Total RNA was extracted by TRIzol reagents (Invitrogen). TaqMan MicroRNA Reverse Transcription Kit (4366596; Thermo Fisher Scientific) and High-Capacity cDNA Reverse Transcription Kit (4368813; Thermo Fisher Scientific) were used to reversely transcribe the extracted total RNA into cDNA. qRT-PCR was performed on ABI 7500 qPCR (Thermo Fisher Scientific) using SYBR Premix Ex TaqTM (Tli RNaseH Plus) kit (RR820A, TaKaRa, Dalian, Liaoning, P.R. China). With glyceraldehyde-3-phosphate dehydrogenase and U6 as internal references, the relative expression of target genes was analyzed by 2^−ΔΔCt method. The primers (Table S1) were synthesized by TaKaRa.

Western blot analysis

Total protein was isolated using radio immunoprecipitation assay lysis buffer. The protein was dissolved in 2× sodium dodecyl sulfate sample buffer and boiled for 5 min. The protein samples were transferred to polyvinylidene fluoride membranes after separation by 10% sodium dodecyl sulfate-polyacrylamide gel electrophoresis. The membrane was then blocked with 5% skimmed milk and incubated overnight with diluted primary antibodies of rabbit antibodies to PINK1 (ab23707; 1:2,000), Parkin (ab77924; 1:200), LC3 (ab51520; 1:3,000), Beclin1 (ab62557; 1:1,000), TRPML1 (ab28508; 1:2,000), and β-actin (ab8226; 1:1,000). The membrane was washed with Tris-buffered saline Tween and then incubated with horseradish-peroxidase-labeled secondary antibody (ab205718; 1:2,000; Abcam, Cambridge, USA) for 1 h. The membrane was developed with an enhanced chemiluminescence fluorescence test kit (BB-3501; Amersham, Little Chalfont, UK), imaged using Bio-Rad image analysis system (Bio-Rad, Hercules, CA, USA), and finally analyzed by Quantity One v4.6.2 software. The relative expression was expressed by the ratio of the gray value of corresponding protein bands to the gray value of β-actin protein bands.

Animal treatment

Twenty-five male APP/PS1 transgenic AD mice (aged 3 months; 28 ± 2 g) and 5 WT C57BL/6J mice of the same age (Animal Model Center of Nanjing University, Nanjing, Jiangsu, P.R. China) with an average body weight of 26 ± 4 g were used for the study. The mice were assigned randomly into the following groups:²¹^,²³ normal (C57BL/6J WT mice); APP/PS1 (APP/PS1 mice without treatment); APP/PS1 + CLN (APP/PS1 mice treated with intranasal injection of CLN); APP/PS1 + miR-204 antagomir (APP/PS1 mice treated with stereotactic injection of miR-204 antagomir in brain); APP/PS1/TRPML1^+/+ (APP/PS1 mice treated with overexpressing TRPML1); and APP/PS1/TRPML1^+/+ + miR-204 antagomir (APP/PS1 mice treated with overexpressing TRPML1 and stereotactic injection of miR-204 antagomir in brain). miR-204 antagomir was purchased from Shanghai GenePharma (Shanghai, P.R. China). At the end of the behavioral testing, the mice were euthanized by anesthesia overdose, blood samples were collected, and the brain tissues were isolated for histopathological analysis. The animal experiment was approved by the Animal Ethics Committee of the First Affiliated Hospital of Zhengzhou University. All experimental procedures were approved by the Committee on Laboratory Animals and implemented in accordance with the guidelines of the International Association for Pain Research.
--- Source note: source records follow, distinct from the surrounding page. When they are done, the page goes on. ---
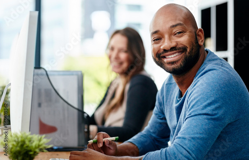portrait, businessman, smile, office, male, computer, technology, person, desk, professional, man, business, web, planning, happiness, career, research, electronic mail, administration, woman, people, happy, adult, smiling, working, work, goggles, table, together, design, creative, reading, online, men at work, information, confident, modern, job, designer, cyberspace, company, employee, startup, entrepreneur, confidence, workplace, staff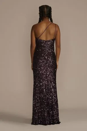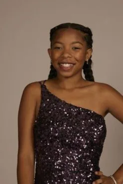 Designed with alluring details, this one-shoulder gown features glistening sequins, sure to keep you in everyone’s view all night long. A skirt slit makes dancing at prom or your next party a breeze.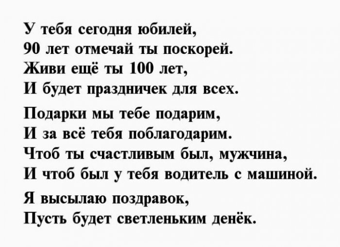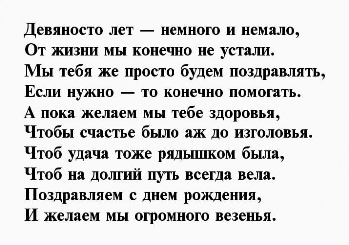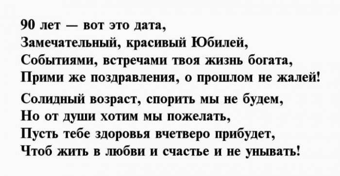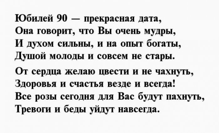поздравление на 90-ый день рождения, знает ответ на

The ultrastructure of mitochondria was visualized and imaged with transmission electron microscopy by a US-certified electron microscopist (J. Bernbaum). The images for neurons, astrocytes, and microglia were acquired independently. The percentages of damaged mitochondria as well as mitophagy-like events were calculated by cell type. All quantifications were performed in a double-bind fashion.

Morris water maze

Morris water maze was used to analyze the behavior of the mice in each group, following procedures described in detail previously.²⁴

Statistical analysis

All data were processed by SPSS 21.0 statistical software (IBM, Armonk, NY, USA). Measurement data obeying normal distribution and homogeneity of variance were expressed in the form of mean ± standard deviation. The comparison between two groups was performed by independent sample t test. The comparison between multiple groups was conducted by one-way analysis of variance (ANOVA), followed by Tukey’s post hoc test, and the comparison between multiple groups at different time points was conducted by repeated-measures ANOVA, with Bonferroni’s post-test. p <0.05 showed significant difference.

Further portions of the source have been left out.